When COVID-19 swept through the United States in the spring of 2020, it hit few industries harder than meat processing. Packing plants, characterized by dense, physical environments and reliant on large hourly workforce, became outbreak sites almost overnight. One by one, major processing centers encountered labor shortages and the supply chain was stressed.
The disruption exposed something the industry had long understood but rarely confronted: the protein processing segment is made vulnerable by it's deep reliance on human labor. Human labor, as it turns out, is not guaranteed.
That shortage has not reversed. As the pandemic passed, labor shortages persisted. Processing facilities continue to report chronic labor challenges that are that are physically demanding, repetitive, and high turnover. The question the industry faces is no longer whether who is building the tools that can automate its complex tasks and how fast they can move.
Built for the problem
In 2021, at the height of that disruption, some companies had to make a foundational decision: not start with a product, but instead, start with the problem.
This involved talking to plant managers, operations leads, and facility owners across the animal protein segment; asking about pain points, not features.
In a conventional processing line, for example, sorting vacuum-sealed meat products is typically handled by 30 or more workers at a conveyor belt, identifying each piece by sight and routing it accordingly. It is monotonous, hard to staff, and leaves significant variation in how products are sorted and valued.
Automating these processes using AI and computer vision captures each product’s weight, size, length, and depth in real time.
The gap between innovation and deployment
That gap — between a working prototype and a scaled, trusted solution that can deliver an ROI — is where most food and agriculture startups stall. It is not primarily a technology problem. It is a relationship problem.
Operating out of Nebraska Innovation Campus in Lincoln, Neb., The Combine is Nebraska’s agtech incubator and accelerator connecting early-stage food and agriculture companies to the industry relationships and market access they need to move from concept to deployment. Since 2019, the program has supported more than 38 companies, helping them raise over $25 million in capital and create more than 60 jobs.
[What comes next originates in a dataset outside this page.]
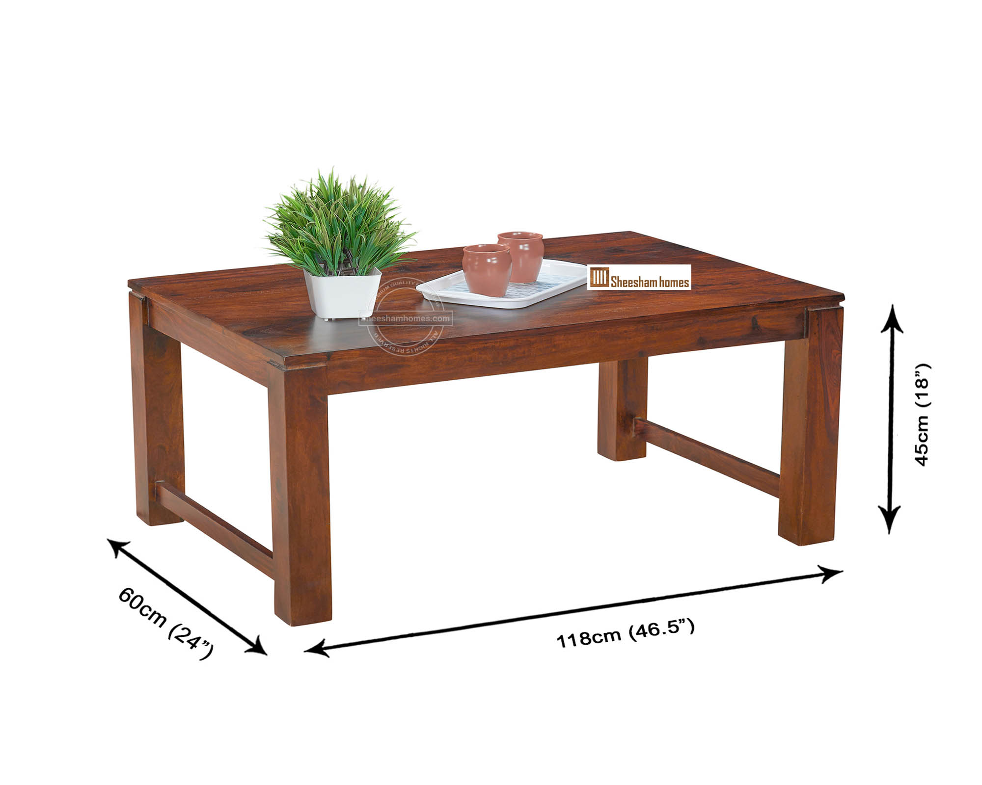 The table is made of sheesham wood making it durable and ensures the strength to bear heavy load. This table will change outlook of your home and give a lively view to your eyes. With rectangle shaped top, the table is long lasting and sheer quality of the tea table is incomparable. The natural luster of the wood makes it uniquely fashionable. Moreover solid wood is a reliable material for indoor furniture purpose.

What The Combine provided and what distinguishes it from traditional incubators was not curriculum or pitch coaching. It was connections to industry leaders who could help startups understand customer pain points and early-stage funders to help develop working prototypes.
Why Nebraska makes sense
Nebraska is one of the country’s leading beef and pork processing states. The supply chains are down the road. That proximity is a structural advantage most technology ecosystems can't offer. Startups here can walk into a processing facility, see the problem firsthand, and build operational relationships over time.
What is emerging in Lincoln is not an imitation of Silicon Valley. It is something more specific: an innovative agtech ecosystem built around the problems that matter most to the food and agriculture industries that define this region.
What industry partners can do now
Technology does not scale through press releases. It scales when a processing company or distributor is willing to say yes to a pilot, share operational data, provide honest feedback, and participate in the early development of a system that will eventually serve the whole industry.
The companies that engage early get technology shaped around their specific operations and a front-row seat to innovations that will eventually become standard.
The labor shortage that exposed the fragility of the food supply chain five years ago has not resolved. What has changed is the number of people working, seriously and methodically, on solutions. Some of the most promising are being built right now in Nebraska, focused on practical solutions, built with industry partners.